Performing a screening for this putative enzyme, they identified protein tyrosine phosphatase 1 B (PTP1B) as a likely candidate. In a series of experiments, the researchers confirmed that blocking PTP1B decreased the removal of the interferon receptor. As a result, interferon signaling became enhanced. Using human cells infected with hepatitis C, the researchers found that adding a PTP1B inhibitor allowed smaller doses of interferon to be effective in keeping the virus from reproducing. They demonstrated a similar effect in human cells infected with vesicular stomatitis virus.
Aiding in their work was the fact that pharmaceutical companies have already designed multiple drugs that inhibit the activity of PTP1B but for a completely separate reason than the enzyme’s involvement in interferon signaling.
“PTP1B also works on the leptin receptor,” Fuchs said. “This is the pathway that regulates satiety, appetite and weight gain. So in the past 10 years there have been massive industrial and academic undertaking to develop PTP1B inhibitors to treat obesity and diabetes.”
To see how these PTP1B inhibitors would impact viral infections in a living organism, the researchers could not use mice because mice lack a portion of the receptor that PTP1B acts upon, and so blocking PTP1B does not impact interferon signaling in the same way as it does in humans and other mammals. Instead, they examined five cats that had been enrolled by their owners in the study.
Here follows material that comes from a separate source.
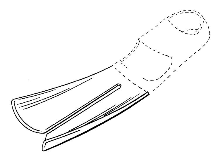 分叉式脚蹼由美国人Robert B. Evans 发明,并于1998年3月3日注册了专利,有效期14年,专利号码:US00D404456S。
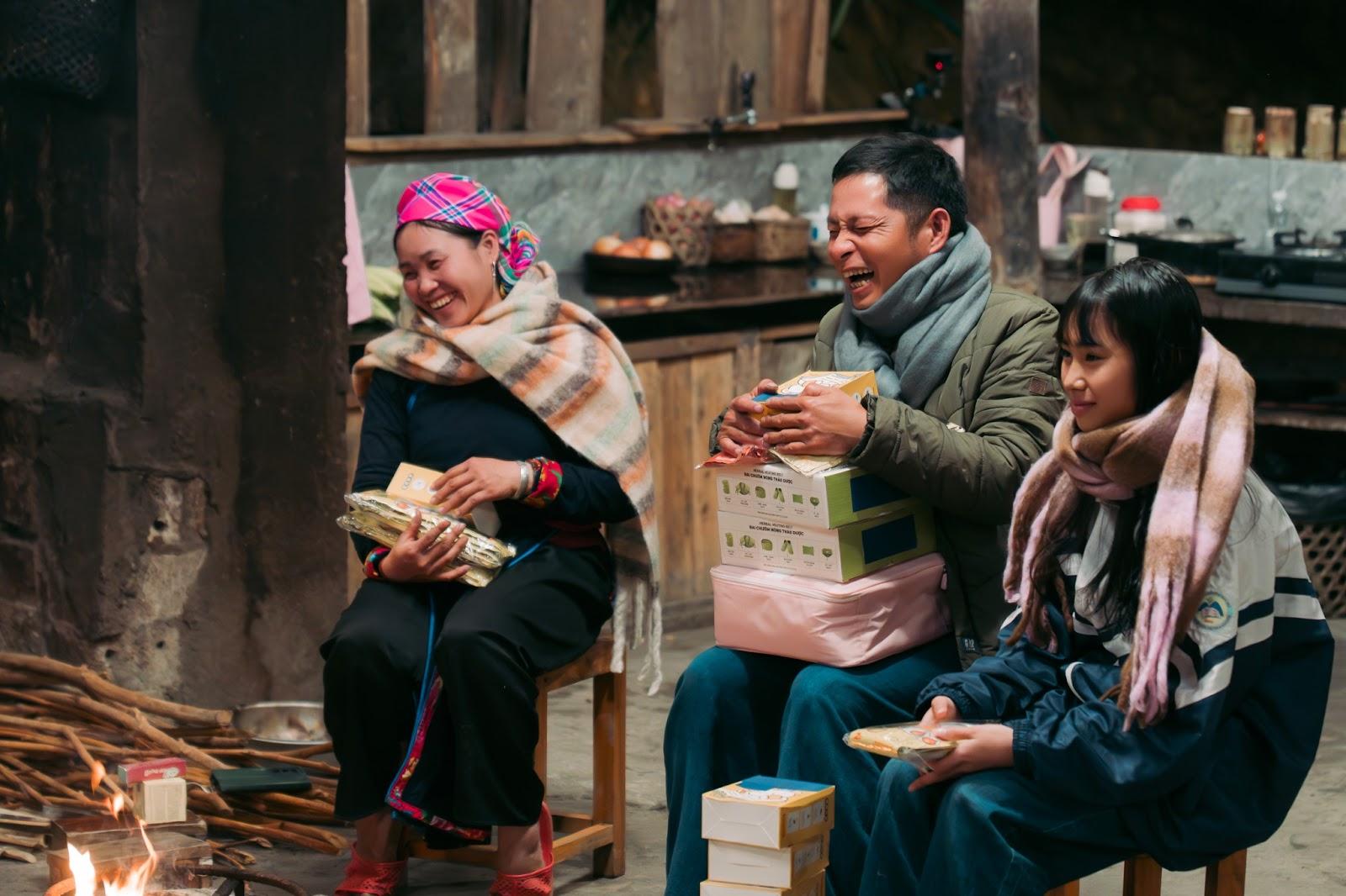 Đêm lạnh bên bếp lửa trở nên ấm áp hơn với màn trao quà đầy ắp tiếng cười. Từng món quà được các thành viên gói ghém trọn yêu thương. Đó là chiếc bếp gas mini màu “hường” đặc trưng được trao gửi cho gia đình chị Thông, từng cuốn sách tiếng Anh, bộ đồ chơi cho bé Thư và bé Thắng hay những món đồ giữ ấm thiết thực. Mỗi món quà đều là tâm tư của các thành viên dành cho “gia đình” tại Bản Liền.

Each was suffering from chronic stomatitis, a condition that involves substantial inflammation in the mouth and makes it painful for the cats to eat and groom. The cats received a single injection of a PTP1B inhibitor. Two weeks later, all five showed noticeable reductions in redness and inflammation, providing clinical evidence that these drugs could be used to treat infection.
Fuchs said that what seemed like a drawback in the study — that it couldn’t be effectively modeled in mice — ended up being a benefit, as naturally occurring diseases in animals such as cat and dogs more closely mimic many human diseases.
Because interferon is known to suppress tumors and help multiple sclerosis patients, the results of this study give the researchers optimism that PTP1B could be a target for anti-cancer and anti-autoimmune disease therapies.
As a next step, they plan to test the PTP1B inhibitors in a model of feline immunodeficiency virus, or the cat version of AIDS, to see if its virus-fighting capabilities can have an effect against that infection.
The study was supported by the National Institutes of Health and the Mari Lowe Center for Comparative Oncology Research at the University of Pennsylvania.